Anagrelide’s development as a platelet anti-aggregatory agent was terminated when it became apparent that the drug also had a profound and unintended effect in lowering platelets. It was later repurposed for the treatment of a rare disease called Essential Thrombocythemia in which patients are at thrombotic risk from an overproduction of platelets. However, its potential as an effective anti-cancer agent has been limited by the cardiovascular side effects which are seen following oral administration of the drug in capsule formulation.
Anagrelide is pharmacologically unique in the fact that it has no effect or impact on other blood cell types (except platelets).
This is because, when taken orally, the drug is extensively metabolised in the liver the first time it passes through into the bloodstream (first pass metabolism). This produces 3-hydroxy anagrelide, whose cardio-stimulatory effect is more than 40 times more potent than anagrelide itself while having a less effective anti-megakaryocytic effect. So once anagrelide is metabolised, the product has more marked side effects and also reduced therapeutic benefits.

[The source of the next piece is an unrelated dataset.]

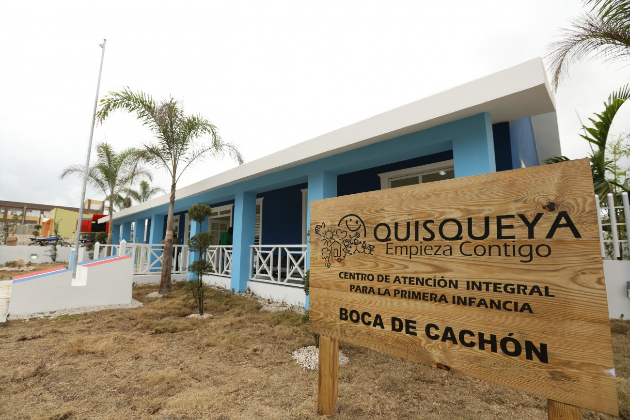 Vista frontal del Centro de atención integral para la primera infancia del proyecto habitacional Nuevo Boca de Cachón, como parte de los programas prometidos y ejecutados por el presidente Danilo Medina Sánchez.

The most commonly reported adverse cardiovascular side effects are a fast or racing heartbeat (tachycardia), noticeably forceful heartbeat (palpitations) and severe headache. These effects limit the size of the dose that can be taken and are the primary cause of patients discontinuing therapy.
SUDA Pharmaceuticals aims to address the issue of these unwanted cardiovascular side effects by making use of its proprietary OroMist® technology to formulate an oromucosal spray for the delivery of anagrelide. This would mean that, unlike standard oral capsule formulations, the drug would not have to be metabolised in the liver before being absorbed. Instead it would be absorbed into the body directly through the oral mucosa (the lining of the mouth).
Such direct absorption would dramatically reduce the risk of producing the unwanted metabolite 3-hydroxy anagrelide in the liver, making the oromucosal spray a potentially much safer formulation than the current orally administered version. At the same time, it would retain its unique ability to target only megakaryocytes.
Therefore, Dr Franklin is confident that anagrelide will offer a new, valuable and first-in-class treatment option for cancer management within the next 3-5 years.
Is there any indication at this stage that the oromucosal spray formulation might be dose-limited? Is there a possibility that very high doses might lead to at least some of the dose being metabolised in the liver as with the oral medication and thus give rise to side effects?
<> Like all drugs anagrelide could potentially be taken in higher than intended doses. However, even using the oromucosal spray there may come a point at which some cardiovascular effects would become evident which would deter the patient from further increasing the dose.
What inspires your work in this area?
<> The potential application of this treatment across such a broad range of solid tumours makes it a very attractive proposal. It exploits a common mechanism for the growth and development of many different cancers and thus has wide applicability.